Take restaurants, as an example. When I flew back to Mexico on Saturday, Lou picked me up at the Mazanillo airport. Only a true friend would do something like that.
We started a conversation on our way to my house and decided to recess it until Wynn could join us for dinner. Because I am about to join the Barra de Navidad set, we decided to have dinner at a restaurant there that has been a rather inconsistent food and service experience for me.
And Saturday was no exception. The service was indifferent. I always find that unusual in Mexico. In Paris, I have come to expect being treated as a painful reminder to the waiter that life is simply a meaningless existential exercise. But, in Mexico? Where the closest translation for angst is fiesta.
The food was fine. However, because my schnitzel was a bit dry, I requested a bit of the restaurant's celebrated goulash sauce. That night, it was a bit greasier than usual, but, for the first time, I noted a subtle underlying flavor. Wynn thought it was worcestershire. I thought it was sherry.

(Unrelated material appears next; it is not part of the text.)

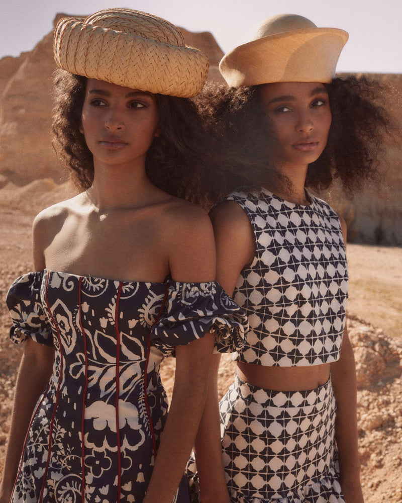 Midi dress with a crew neckline featuring a floral print in shades of blue. Puff short sleeves add volume and charm. Fitted silhouette with contrasting red piping. Invisible back zipper closure.

It didn't really matter. Whatever it was, it did not cut the sauce's oiliness.
On the way out, I saw the owner. Merely out of curiosity, I told her I thought I tasted a hint of sherry in the sauce, and asked her if I was correct. She looked at me as if I had asked her for her bank account numbers and her PIN.

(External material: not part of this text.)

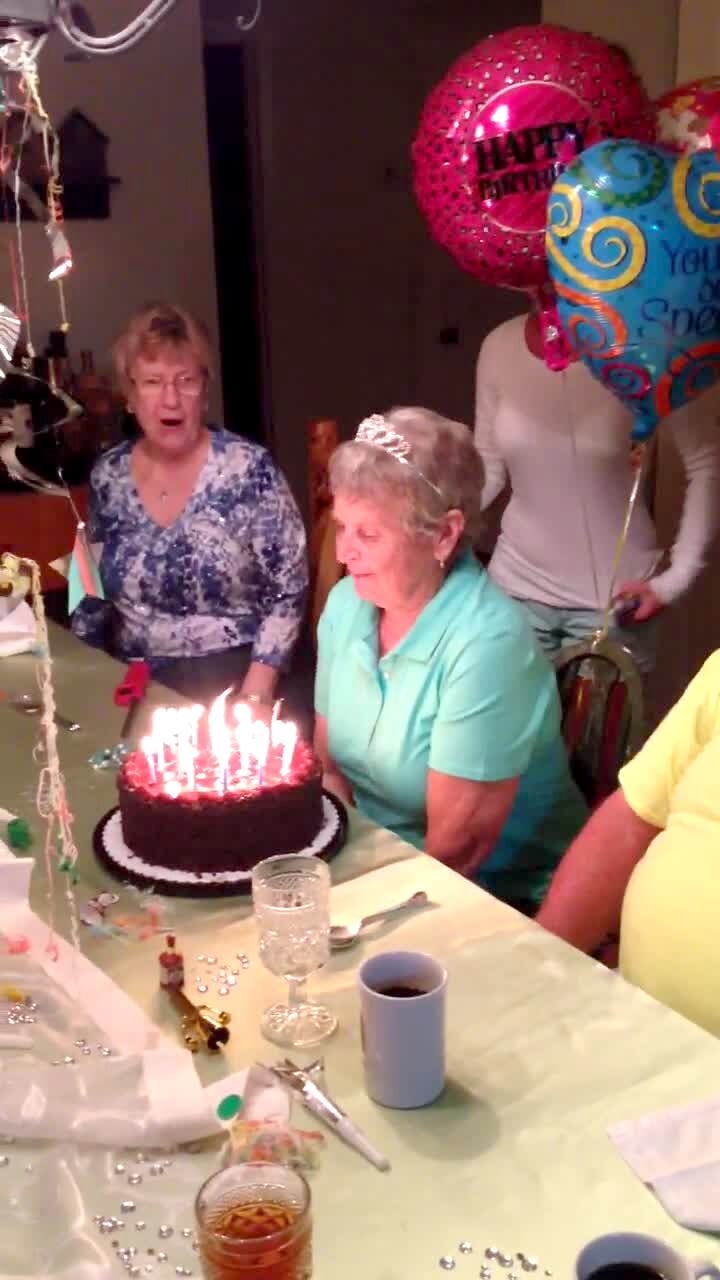 A family sings the Happy Birthday song to a senior woman in front of a cake at home. After the woman blows out the candles the entire family sprays silly string at her.

She responded: "There is an ingredient" -- in the same tone that an indulgent mother tells an autistic child that it is time to gather up his crayons.
Of course, I had no intention of trying to duplicate her rather pedestrian sauce. But I would have been very interested in discussing the art of cooking (or the art of managing customer expectations) with her.

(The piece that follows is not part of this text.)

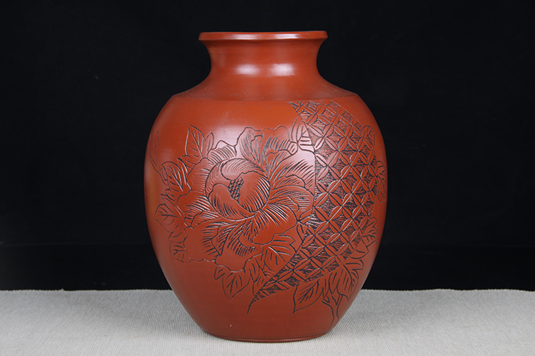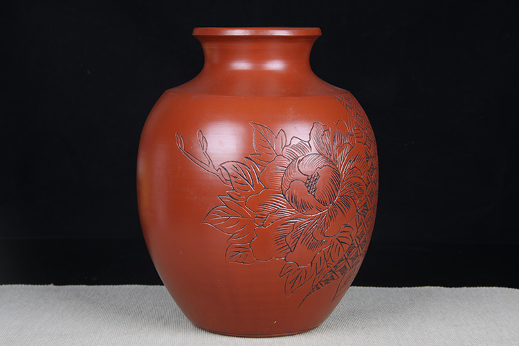 日本花器 日本木制刀刻纹花器花瓶 内有铜胆,尺寸较大

I know there are some people who guard even the fact that pork is used in the goulash. But, for a restaurant, it is self-defeating. Unless, of course, your idea of haut cuisine runs to the secret herbs and spices found at KFC.
I am now left with the plausible possibility that "the ingredient" is either ketchup or peanut butter, though, I know it isn't. But she did nothing to stop such wild speculation.
Hers is the only restaurant where I have ever encountered that secretive response. Alex in La Manzanilla loves to discuss the ingredients she uses. A neighborhood cook in Melaque was a bit reluctant to tell me that one of the main ingredients in his Diabla sauce really is ketchup. But he told me. And I still eat there, and enjoy his sauce.
There are plenty of places to eat in this area that offer good food, good service, and even better conversation. I will probably hang out in those places more often.